If it's all managed by a single Resource, yes. The difference you would
get from splitting a homogenous Datastore into pieces would be from the
relation to the Share, so it would only matter at all if different
Shares mapped to distinct disk servers, and in any case you have the
size information at the share level.

> > Type (disk, tape, ... - open enumeration)
> 
> ... which we would define the common types, right?

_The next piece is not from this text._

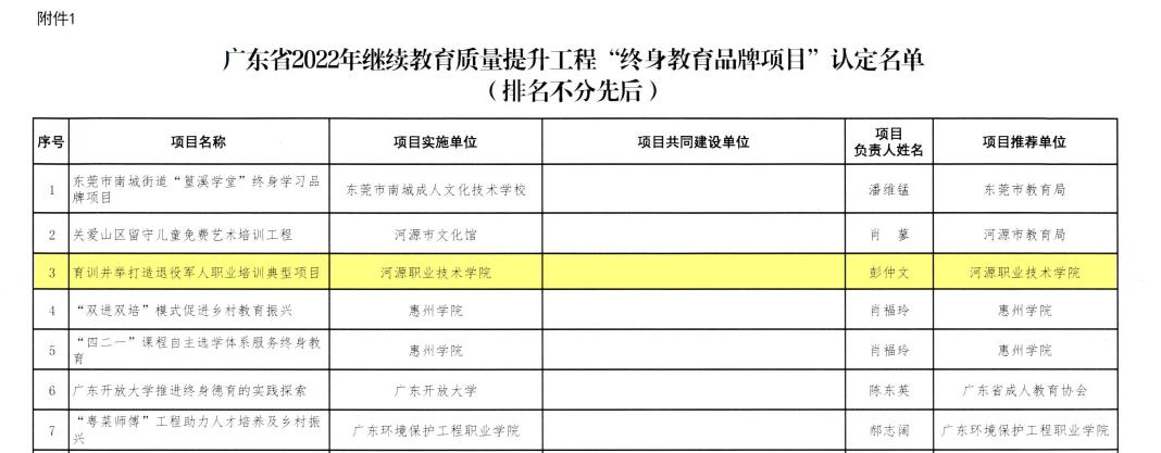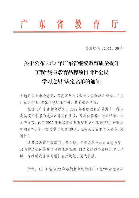近日,完美(中国)“育训并举打造退役军人职业培训典型项目”获2022年广东省继续教育质量提升工程“终身教育品牌项目”。自2021年开始实施广东省继续教育质量提升工程“终身教育品牌项目”认定以来,完美(中国)连续两年获广东省“终身教育品牌项目”。2021年完美(中国)《专本贯通服务乡村振兴项目》获广东省“终身教育品牌项目”,同时也是全省5个获得“全国终身学习品牌项目”之一。

Yes - but do we have anything common apart from tape and disk? dvd?

> > one Datastore can
> > only be managed by one Resource - if there are e.g. multiple sets of
> > disk servers managed by several different software systems 
> that would constitute multiple Datastores.
> 
> OK, I think, but it might depend on the "management" aspect 
> of Datastores.

Can you elaborate? As I said earlier we have the situation at RAL that
all the different Castor instances (Resources) share a common tape
system, but I think that's too complicated to deal with, we should just
treat it as multiple tape Datastores.

> How about, instead of associating the StorageShare with the 
> Datastore, there 
> was a link between the StorageCapacity (associated with a 
> StorageShare) to the Datastore?

Well, partly that's back to the same discussion about Capacity
(currently called StorageShareState) being treated as a separate object
or not. In my view of how this works it doesn't make sense to have an
independent relation to a Capacity, it's the same thing as a relation to
the parent object. There is an implicit relationship, e.g. if a Share
has a Capacity/State with types online and nearline (and/or cache and
nearline) then you would expect the Share to be related to Datastores
with Latencys online and nearline. However, as discussed many times
there is no requirement to publish the Capacitys, and especially not for
tape, so in principle you could have an online/custodial Share which
doesn't publish a nearline Capacity but is nevertheless related to a
nearline Datastore.

> This link would be optional one-to-many: each 
> StorageShare is 
> associated with a single Datastore (0..1 multiplicity) and 
> each Datastore is 
> associated with any number of StorageShares (0..* multiplicity).
> 
> Would that be acceptable?

Well ... rather than making Share <-> Datastore *..* you could consider
defining three separate Share <-> Datastore relations, one for each of
Online, Nearline and Offline, and each of which would be *..1. However,
that would imply that the storage for a Share for a given Latency can
only be provided by one Datastore, and I suspect that you can't be sure
of that in all cases. An example could be LCG-style Online/Custodial
D1T1 where you have three Datastores: tape, disk cache in front of the
tape, and permanent disk (I think this is what CNAF has?).

Stephen


More information about the glue-wg mailing list